PROBLEM DESCRIPTION. Where an entry holds an image, leave the image out; otherwise reproduce the entry exactly.

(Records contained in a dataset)

- - - -

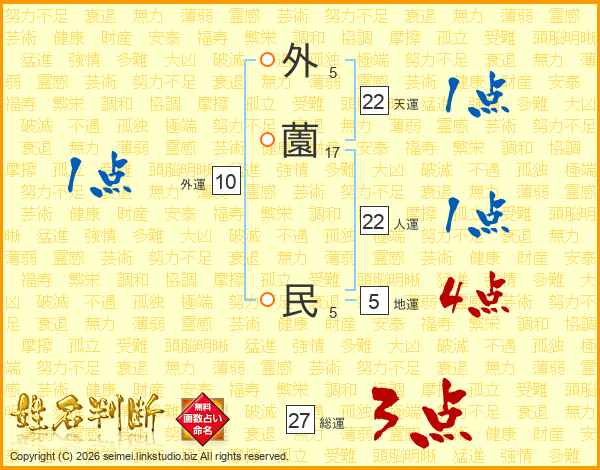 生活面を象徴する運勢です。外部から受ける影響力を表し、結婚運、家庭運や職場、環境への順応性を表します。総運から人運を引いた画数。姓や名が1文字の場合を除く。
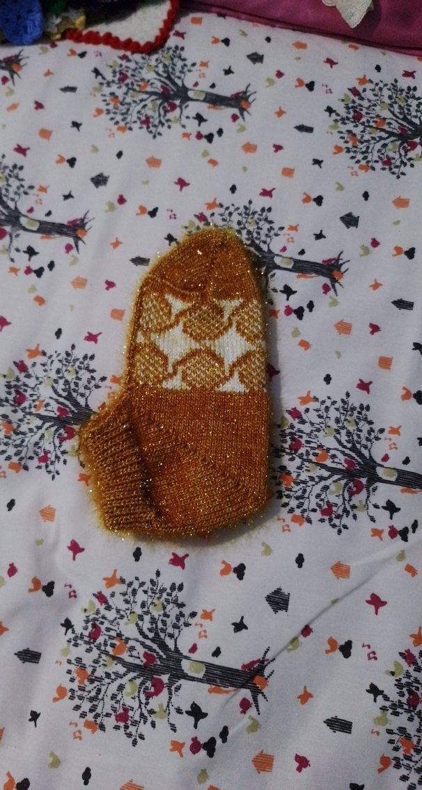Renkli nakışlı desenlere sahip kahverengi fırın eldiveni, yemek pişirirken ısı koruması sağlar.
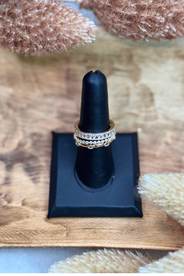 Slip on the Ivy CZ Stackable Ring Set and instantly feel more confident, polished, and put together. Whether you’re heading to the office or out for dinner, this shimmering trio of rings catches the light just right and brings effortless sophistication to any look. Designed to be worn together or separately, the versatility of this set gives you endless ways to express your personal style. Add this gold CZ ring set for women to your collection and shine a little brighter every day.
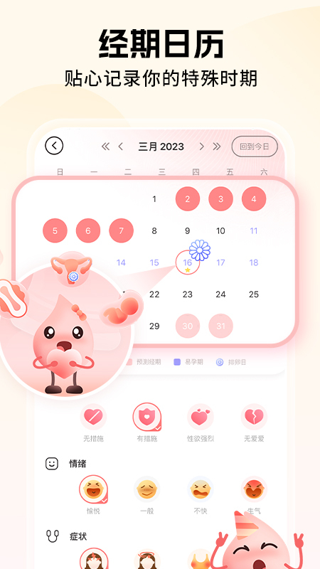 4. 便捷易用:姨妈小日历界面简洁、操作便捷,方便女性随时随地记录和管理自己的生理健康数据。
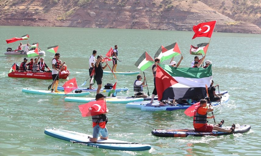 Filistin'e Destek Platformu tarafından düzenlenen programda, Ilısu Prof. Dr. Veysel Eroğlu Baraj Gölü havzasında kalan Botan Çayı Tahta Mendik mevkisinde vatandaşlar "Sumud için Özgürlüğün Dalgaları" sloganıyla toplandı.
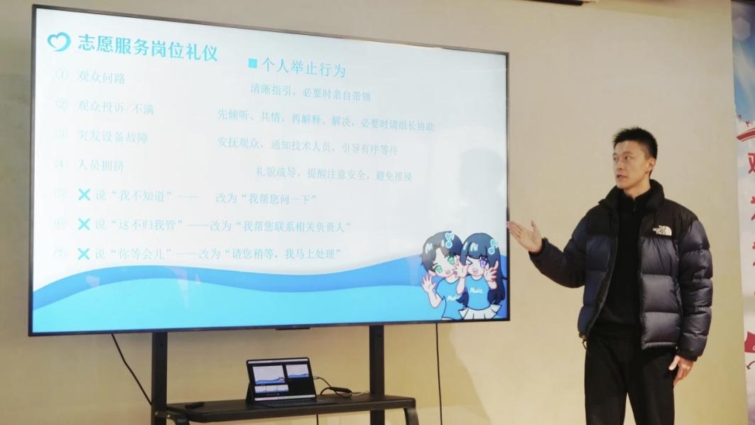 院团委书记陶泽文结合“上海之春”服务场景,明确了志愿者的岗位职责、服务礼仪与沟通规范,细致拆解不同岗位的工作流程与注意事项,并针对突发情况分享了应对技巧与服务心得。

- - - -

SOLUTION.
 生活面を象徴する運勢です。外部から受ける影響力を表し、結婚運、家庭運や職場、環境への順応性を表します。総運から人運を引いた画数。姓や名が1文字の場合を除く。
Renkli nakışlı desenlere sahip kahverengi fırın eldiveni, yemek pişirirken ısı koruması sağlar.
 Slip on the Ivy CZ Stackable Ring Set and instantly feel more confident, polished, and put together. Whether you’re heading to the office or out for dinner, this shimmering trio of rings catches the light just right and brings effortless sophistication to any look. Designed to be worn together or separately, the versatility of this set gives you endless ways to express your personal style. Add this gold CZ ring set for women to your collection and shine a little brighter every day.
 4. 便捷易用:姨妈小日历界面简洁、操作便捷,方便女性随时随地记录和管理自己的生理健康数据。
 Filistin'e Destek Platformu tarafından düzenlenen programda, Ilısu Prof. Dr. Veysel Eroğlu Baraj Gölü havzasında kalan Botan Çayı Tahta Mendik mevkisinde vatandaşlar "Sumud için Özgürlüğün Dalgaları" sloganıyla toplandı.
 院团委书记陶泽文结合“上海之春”服务场景,明确了志愿者的岗位职责、服务礼仪与沟通规范,细致拆解不同岗位的工作流程与注意事项,并针对突发情况分享了应对技巧与服务心得。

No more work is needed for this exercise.